“WILDLIFE” My rating: B+
114 minutes | MPAA rating: PG-13
In “Wildlife,” the mesmerizing directorial debut of actor Paul Dano, people — adults, anyway — are perplexing creatures.
A father loses his job at a country club and instead of launching a job search abandons his family for immensely dangerous and low-paying work fighting forest fires. The bitter mother flips almost overnight from June Cleaver domesticity to provocative sexuality.
These near-radical personality changes are hard to fathom — until you realize that Dano’s film (co-written with actress Zoe Kazan from Richard Ford’s novel) centers on the perceptions of the couple’s 14-year-old son. Seen through the kid’s bewildered and traumatized eyes, even the slightest change in familial surroundings registers like an earthquake.
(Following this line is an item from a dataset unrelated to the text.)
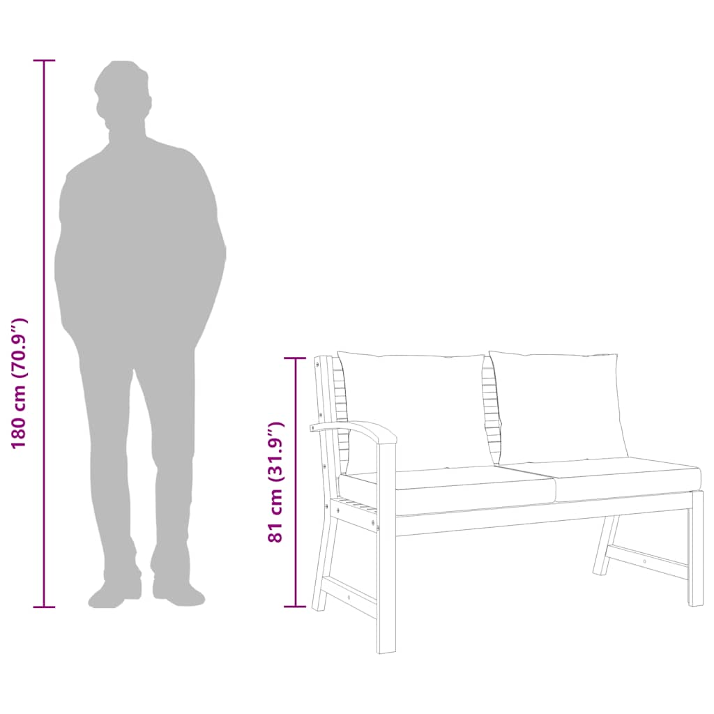 This stylish garden bench will add a touch of rustic charm to your patio or other outdoor living space! The bench is made of high-quality solid acacia wood, a tropical hardwood, which is weather-resistant and highly durable. Thanks to the oil finish, the patio seat has a warm colour and is easy to clean and maintain. In addition, delivery includes seat and back cushions with thick padding for ultimate comfort. This piece can be combined with other products in our shop so that customer can build their own sofa set.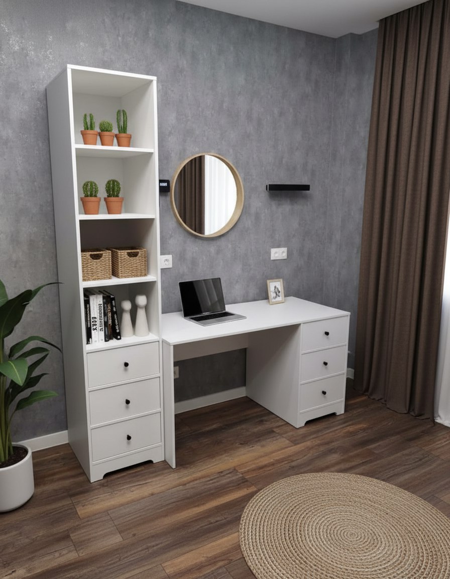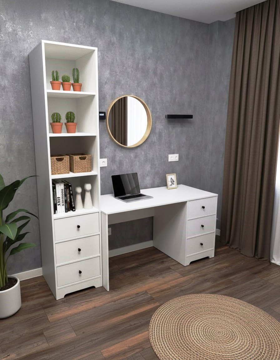 Комплект коллекции Норд: стол + стеллаж с ящиками

Set in the early 1950s, the film begins with Jerry Brinson (Jake Gyllenhaal) losing his job as the golf pro in a small Montana town. His wife Jeanette (Carey Mulligan), who never wanted to move there in the first place, does her best to beef up Jerry’s battered ego and even rejoins the workforce, teaching adult swim classes at the local Y.
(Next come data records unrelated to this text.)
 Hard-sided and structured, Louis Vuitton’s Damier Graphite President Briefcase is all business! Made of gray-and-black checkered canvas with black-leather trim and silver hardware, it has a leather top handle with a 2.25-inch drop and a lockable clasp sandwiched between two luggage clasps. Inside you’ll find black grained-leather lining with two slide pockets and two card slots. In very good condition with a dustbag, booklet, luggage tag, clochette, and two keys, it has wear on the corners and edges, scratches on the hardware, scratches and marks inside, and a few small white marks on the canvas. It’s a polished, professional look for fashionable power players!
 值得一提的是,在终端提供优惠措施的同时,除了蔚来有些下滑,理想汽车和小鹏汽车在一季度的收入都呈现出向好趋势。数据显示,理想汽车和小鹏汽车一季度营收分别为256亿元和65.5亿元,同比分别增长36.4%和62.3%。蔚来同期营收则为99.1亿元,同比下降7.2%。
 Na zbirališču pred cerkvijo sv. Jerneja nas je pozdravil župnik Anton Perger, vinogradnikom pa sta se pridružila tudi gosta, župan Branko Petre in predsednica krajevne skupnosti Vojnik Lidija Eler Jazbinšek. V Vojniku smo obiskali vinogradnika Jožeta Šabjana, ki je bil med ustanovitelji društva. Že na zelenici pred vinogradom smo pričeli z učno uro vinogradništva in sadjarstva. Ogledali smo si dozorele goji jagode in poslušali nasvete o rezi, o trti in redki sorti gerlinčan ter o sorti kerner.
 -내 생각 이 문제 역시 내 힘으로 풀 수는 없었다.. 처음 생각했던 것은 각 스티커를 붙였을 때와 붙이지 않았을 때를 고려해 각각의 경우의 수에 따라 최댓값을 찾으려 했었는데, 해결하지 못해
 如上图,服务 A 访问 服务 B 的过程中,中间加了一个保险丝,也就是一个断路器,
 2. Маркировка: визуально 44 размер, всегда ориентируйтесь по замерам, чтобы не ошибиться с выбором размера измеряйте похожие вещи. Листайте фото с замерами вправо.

All this is tremendously worrying for their 14-year-old son, Joe (a spectacularly good Ed Oxenbould). It’s hard seeing your once-upbeat dad sinking into depression and ennui. And while Mom seems to be enjoying her new economic independence, even that has a downside. She’s not at home all that much.
But Joe’s a good kid and, to help prop up the family’s failing fortunes, signs on as an assistant at the local photographic portrait studio.
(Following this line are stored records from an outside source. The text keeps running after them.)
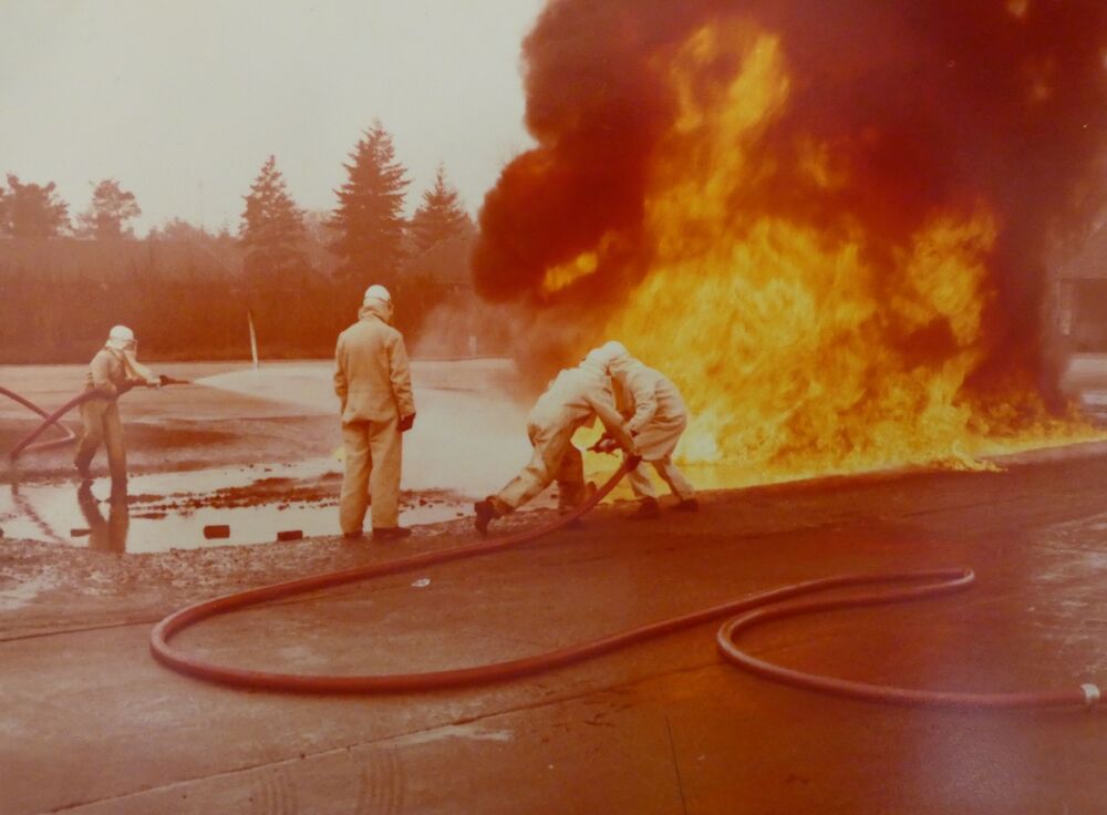 Brandweer opleiding. Blusoefening.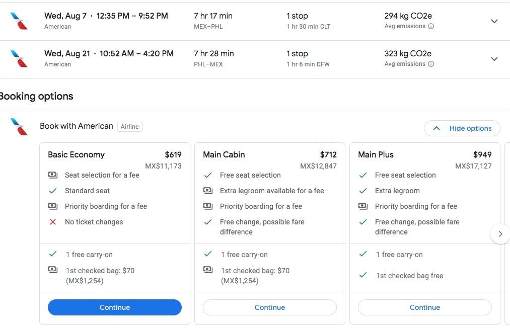 Difference in price Pesos vs $ MEX - PHL AA unable to purchase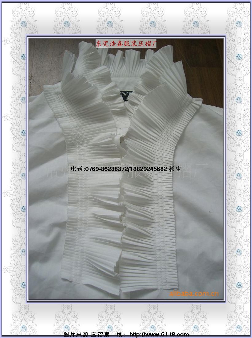 加工种类 机褶:排(百)褶、工字(长城)摺、牙签(水晶)褶、工排混合褶、顺景褶、竹叶褶、(大、中、小)波浪褶,乱景褶、PVC贴合凹凸景、PVC贴合水晶景、PVC贴合KD 刀景、提花褶等数十个压褶品种。 手工褶:太阳摺、太阳排摺、立体褶、乱褶、菠萝褶、直皱褶、鸡爪褶等各种中高档手工褶。 欢迎来样版,均可照样加工生产。 工厂加工质优价廉,供货及时,欢迎各界来函、来电咨询洽谈!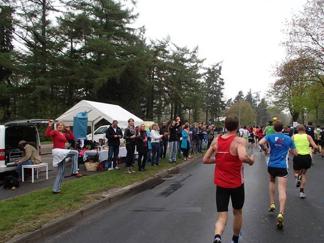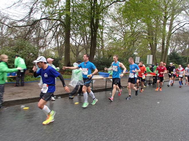 Holländische Reihe 9.18 Uhr / Km 3,8 Die immer wieder neuralgische erste Verengung durchlief ich zum Glück problemlos. Bis zu den Ballons war es aber immer noch weit. |

Jerry’s decision to join a firefighting crew battling the stubborn blaze — which has burned for weeks in a nearby mountain range, threatening the town not only with flames but lung-congesting smoke — comes as a shock to Jeanette and Joe. People are getting burned up fighting the conflagration.
“What kind of man leaves his wife and child in such a lonely place?” Jeanette seethes. The poetic theatricality of that line of dialogue (would your average wife phrase it in just that way?) suggests it has been refliltered through Joe’s tormented imagination and memory.
Now on her own, Jeannette becomes something of a sexual predator. She sets her sights for Mr. Miller (the great Bill Camp), a rich widower in her swim class. She begins flirting openly, inviting this stranger to her home and, in one skin-crawlingly uncomfortable sequence, taking Joe along for a dinner at Miller’s house where she more or less puts on a neurotic slut show.
Miller vacillates between giving Joe seemingly sincere life lessons and ogling Jeanette like an oil wildcatter at a titty bar.
It doesn’t help that Mom is lying to her kid, telling Joe she’s landed a job at Miller’s auto dealership when actually she’s just his sometimes mistress.
Given the crazed extremes of the adults’ behavior, the film relies on poor Joe for an emotional anchor, and young Oxenbould delivers and then some.
Great performances usually rely on big juicy scenes and scintillating dialogue. But Oxenbould fashions a compelling, heart-tugging character without ever going big. You can read the confusion and hurt on his face without him saying a word. It’s some of the best acting we’ll see this year.
It’s difficult to explain just what Dano does here. Mostly he sets a tone of loss and longing that remains consistent throughout the sometimes hair-raising digressions young Joe witnesses. The result is a coming-of-age movie, yes, but it’s as much about his parents growing up as it is about the kid at the center of it all.